White-nose syndrome (WNS), caused by Pseudogymnoascus destructans, was introduced to America in 2006 and has since killed more than 6 million bats. It grows on the flying rodents’ noses and wings and makes them use up their energy reserves at a much faster rate than usual.

The disease has been known to cause high death rates and population declines, in some cases wiping out entire bat colonies, according to the Bat Conservation Trust. A research paper in 2010 said the disease could cause a regional extinction of the little brown bat, one of the most common species in North America.

“The epidemic is considered the worst wildlife disease outbreak in North American history and shows no signs of slowing down,” said the Center for Biological Diversity, a Washington, D.C.–based lobby group. “It threatens to drive some bats extinct and could do real harm to the pest-killing services that bats provide.”

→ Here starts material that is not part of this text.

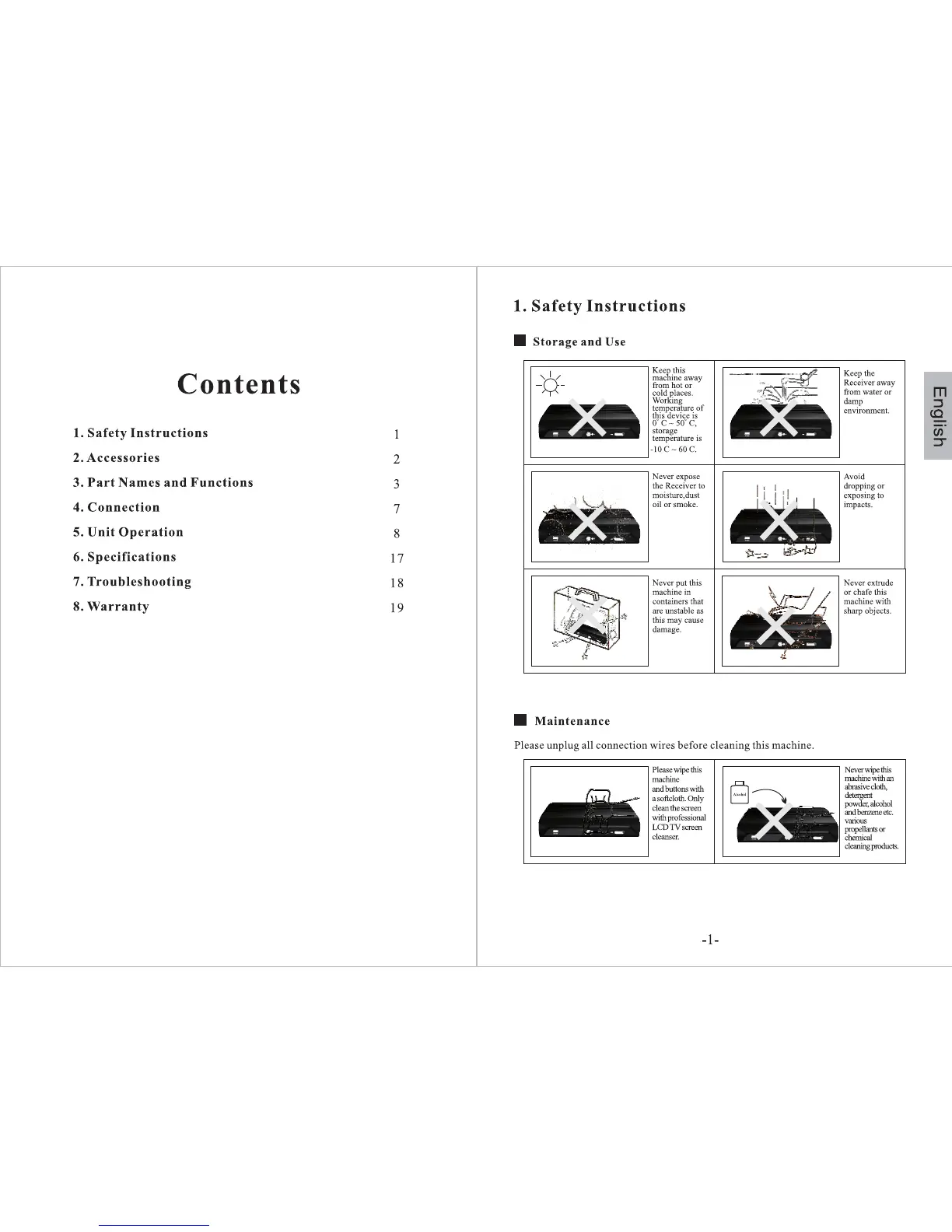 August DVB400 - Contents; Safety Instructions; Storage and Use; Maintenance

A little brown bat, discovered in Longmont, Colorado on February 29, is seen with its wings fluorescing yellow-orange under UV light because of a fungus that causes white-nose syndrome. The disease has already killed over…


Colorado Parks & Wildlife

In the latest incident, a little brown bat was found infected with the fungus in the Colorado city of Longmont, which is north of Denver, on February 29.

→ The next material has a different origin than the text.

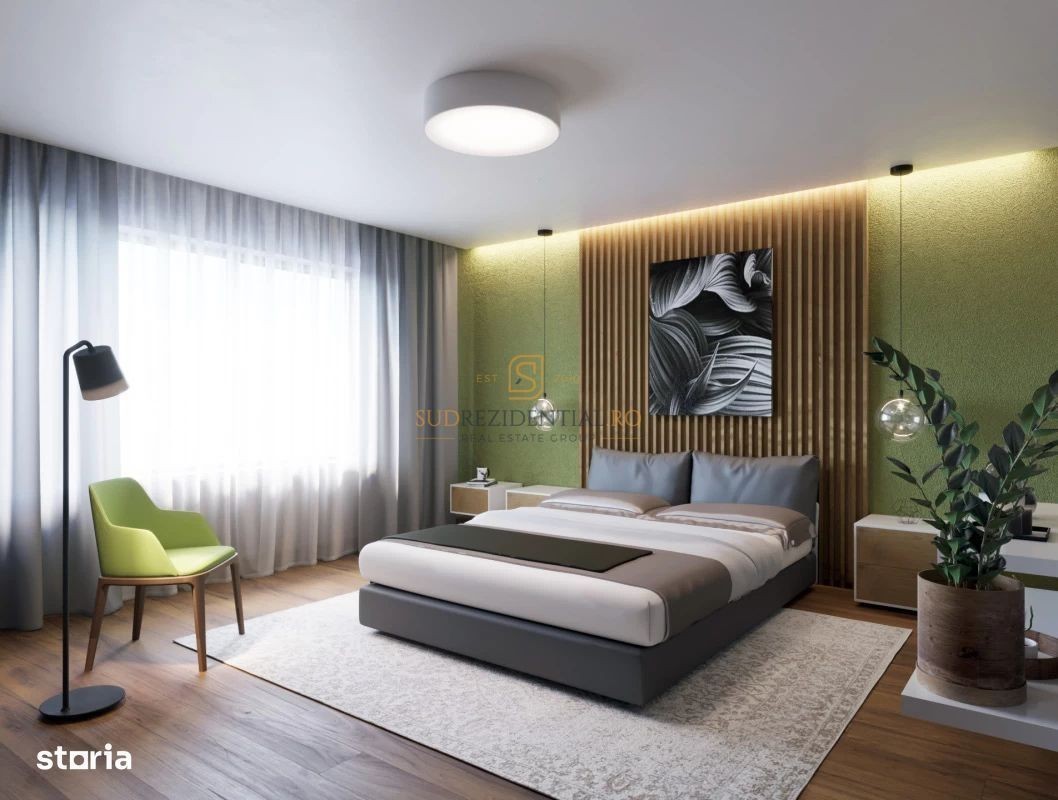 Un concept modern si eficient, gandit pentru cei care isi doresc un stil de viata confortabil si diferit. Acest apartament cu 2 camere este dispus pe doua niveluri (etaj 2 si 3) si face parte din ansamblul AGV Residence din Popesti-Leordeni. Locuinta are o suprafata utila de 60.40 mp si se bucura de doua terase in suprafata totala de 34.35 mp - una pentru zona de zi si una pentru dormitor, oferind acces la aer liber si spatiu pentru relaxare sau amenajare in stil urban. Compartimentare (duplex): Nivel inferior (zona de zi): - Hol + spatiu de depozitare - 8.20 mp - Baie - 5.30 mp - Zona de zi + bucatarie open space - 31.20 mp Nivel superior: - Dormitor matrimonial cu dressing - 15.70 mp Dotari si finisaje: - Centrala termica individuala - Incalzire in pardoseala pentru un confort termic optim - Tamplarie PVC cu geam termopan - Instalatie pregatita pentru aer conditionat - Scara interioara moderna, integrata discret in zona de zi Proiectul este amplasat pe Strada Biruintei, in Popesti-Leordeni, intr-o zona in plina dezvoltare, cu infrastructura moderna si acces rapid catre sudul Capitalei. Statia de metrou Berceni se afla la cateva minute, fiind conectata printr-o pasarela pietonala noua. Transportul public este bine reprezentat prin linii STB si maxi-taxi pe Soseaua Berceni, cu legaturi directe spre principalele cartiere din Bucuresti. In apropiere se gasesc supermarketuri (Profi, Mega Image, Penny), unitati de invatamant, clinici, farmacii, sali de sport si La Strada Mall, cu restaurante, cafenele si magazine. Zona ofera si spatii verzi precum Parcul Laurentiu Raiciu si Parcul Lumea Copiilor - Drumul Fermei, ideale pentru relaxare si activitati in aer liber. Pret de lista: 121.000 Euro + TVA. Pret pentru plata in sistem anticipat: 116.000 Euro + TVA.

The Colorado Parks and Wildlife (CPW) service said the bat had been discovered crawling along a public bike path, with brittle wings that prevented it from flying. Another bat suffering a similar condition was found in Boulder in mid-March.

Colorado parks officials said that while the fungus had been detected in little brown bat summer roosts in the state, as well as in a Yuma myotis bat in March last year, until now no little brown bats had been found sick with the disease.

“While it is unfortunate to discover this deadly disease in a second Colorado bat species, CPW did anticipate that this would happen based on what has been documented in other states,” Dan Neubaum, a CPW species conservation program manager, said in a statement on Monday.

The state agency said that at least 13 of Colorado’s 19 native bat species may be susceptible to WNS and that a large-scale loss would have a devastating economic effect. Given bats’ natural insect consumption, they contribute around $3 billion a year to U.S. agriculture, the CPW said.

The fungus first arrived in New York, likely from Europe, according to the National Park Service. Since then, monitoring by the Bat Conservation Trust suggests it has spread across 40 states and eight Canadian provinces, initially sweeping through the Northeast and the Appalachian Mountains before moving into New England and the mid-South.

From 2016 to 2018, WNS appears to have arrived in bat populations in the Great Lakes region and Oklahoma. Most recently, it has been recorded in Colorado, Idaho, Montana and Wyoming.

While WNS commonly spreads between bats and is not transmissible to humans, the Center for Biological Diversity said it was likely introduced to the U.S. by cave visitors who transported it on their caving gear or clothing.

The center also said humans may be partly responsible for its rapid spread across the U.S., having jumped suddenly from the Midwest to Washington state around 2016. To limit the spread, the center has petitioned for closing caves and abandoned mines on federal lands where bats roost.

Neubaum asked visitors to caves in Colorado to decontaminate their gear and urged members of the public not to handle sick bats but instead report them to the CPW.